Apache Spark용 서버리스 Spark 워크로드에 메모리 및 디스크 리소스를 지정할 수 있나요?
예. 워크로드를 제출할 때 프리미엄 실행자 및 드라이버 컴퓨팅과 디스크 계층, 드라이버 및 실행자가 컴퓨팅할 양, 할당할 디스크 리소스의 양을 지정할 수 있습니다(리소스 할당 속성을 참조하세요).
Apache Spark용 서버리스 VPC 네트워크의 IP 주소 범위를 지정하려면 어떻게 해야 하나요?
Apache Spark용 서버리스 워크로드가 사용자 환경 내에서 실행됩니다.
서버리스 Spark 워크로드의 각 Spark 드라이버 및 Spark 실행자는 Apache Spark용 서버리스 VPC 네트워크의 내부 IP 주소 하나를 사용합니다.
/16은 Apache Spark용 서버리스 VPC 네트워크에 대한 일반적인 사용자 지정 CIDR IP 주소 범위입니다.
실행할 동시 워크로드 수에 따라 네트워크의 IP 주소 범위를 제한할 수 있습니다.
Apache Spark용 서버리스는 데이터 상주를 지원하나요?
예. 워크로드가 처리되는 리전을 지정합니다.
지정한 리전에서 입력 및 출력 데이터 세트를 찾습니다.
Apache Spark용 서버리스는 지정된 리전 내에서 워크로드를 실행할 영역을 어떻게 선택하나요?

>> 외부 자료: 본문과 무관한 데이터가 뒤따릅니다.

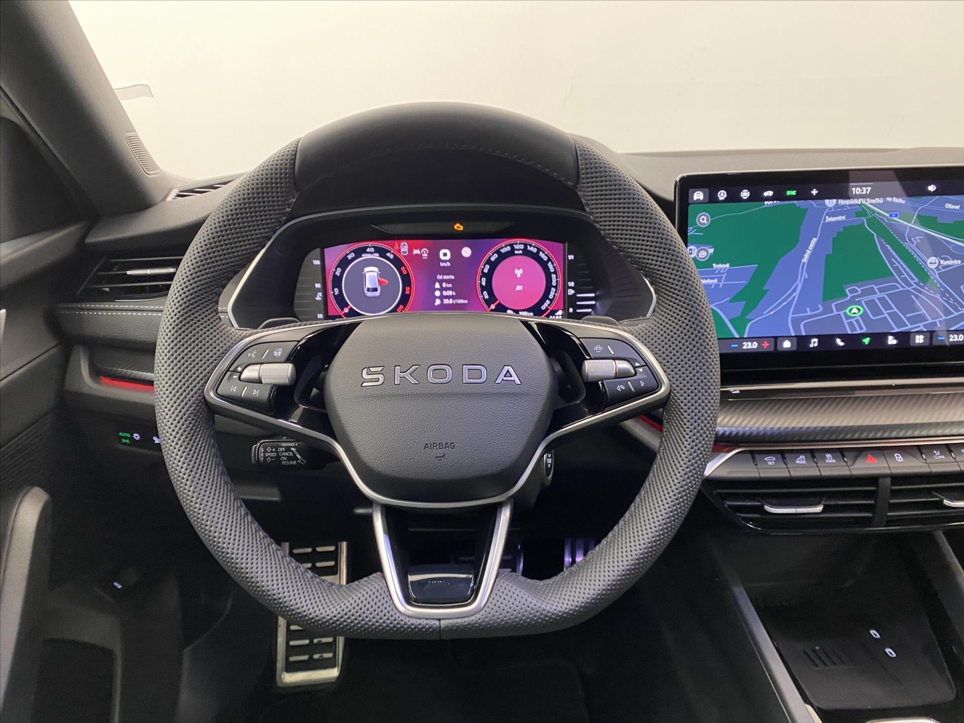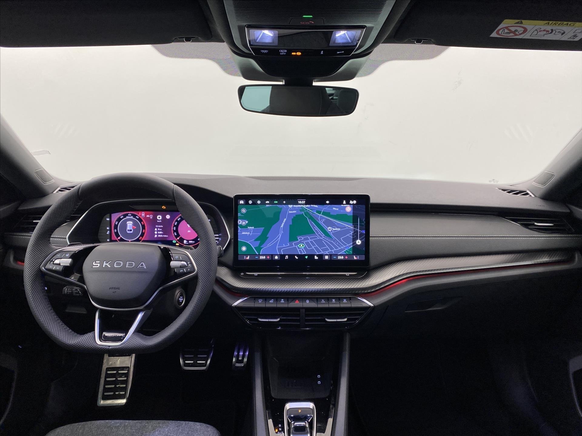 | Vnitřní výbava a komfort | Ambientní LED osvětlení interiéru, Klimatizace aut. , Bezklíčkové ovládání, Deaktivace airbagu spolujezdce, Klimatizace dvouzónová, El. sklopná zrcátka, El. parkovací brzda, Klimatizovaná přihrádka, Multifunkční volant, Nastavitelný volant, Posilovač řízení, Senzor stěračů, Senzor tlaku v pneumatikách, Venkovní teploměr, Vyhřívaná zrcátka, Vyhřívané čelní sklo, Vyhřívaný volant, Pádla řazení na volantu |

Apache Spark를 위한 서버리스는 용량 및 가용성에 따라 워크로드를 실행하는 Compute Engine 영역을 선택합니다. 워크로드가 시작된 후 영역을 사용할 수 없게 되면 워크로드가 실패하며 실패한 워크로드는 다시 제출해야 합니다.
Apache Spark용 서버리스 워크로드는 어떤 방식으로 컴퓨팅 리소스를 사용하나요?
각 워크로드는 자체 컴퓨팅 리소스에서 실행됩니다. 여러 배치 제출은 컴퓨팅 리소스를 공유하거나 재사용하지 않습니다.
Best Practices:
단기 실행 작업이 아닌 중기 실행 작업에 대해 워크로드를 최적화합니다.
여러 워크로드에서 액세스하는 데이터를 Cloud Storage에 유지합니다.
Apache Spark용 서버리스 공지사항, 기능, 버그 수정, 알려진 문제, 지원 중단에 대한 정보는 어디에서 찾을 수 있나요?
Spark 실행자 및 드라이버 로그는 Spark 워크로드 실행 중 및 실행 후 Cloud Logging에서 확인할 수 있습니다. 또한 Spark 애플리케이션은 워크로드가 실행되는 동안 영구 기록 서버(PHS) 웹 인터페이스(PHS UI에서 PHS > 불완전한 애플리케이션 선택)에 표시됩니다.
Dataproc PHS를 설정하면 Cloud Storage에 저장된 Spark 이벤트 로그에 대한 영구 액세스 권한이 제공되어 DAG 및 실행자 이벤트와 같은 Spark 앱 실행에 대한 유용한 정보를 제공합니다.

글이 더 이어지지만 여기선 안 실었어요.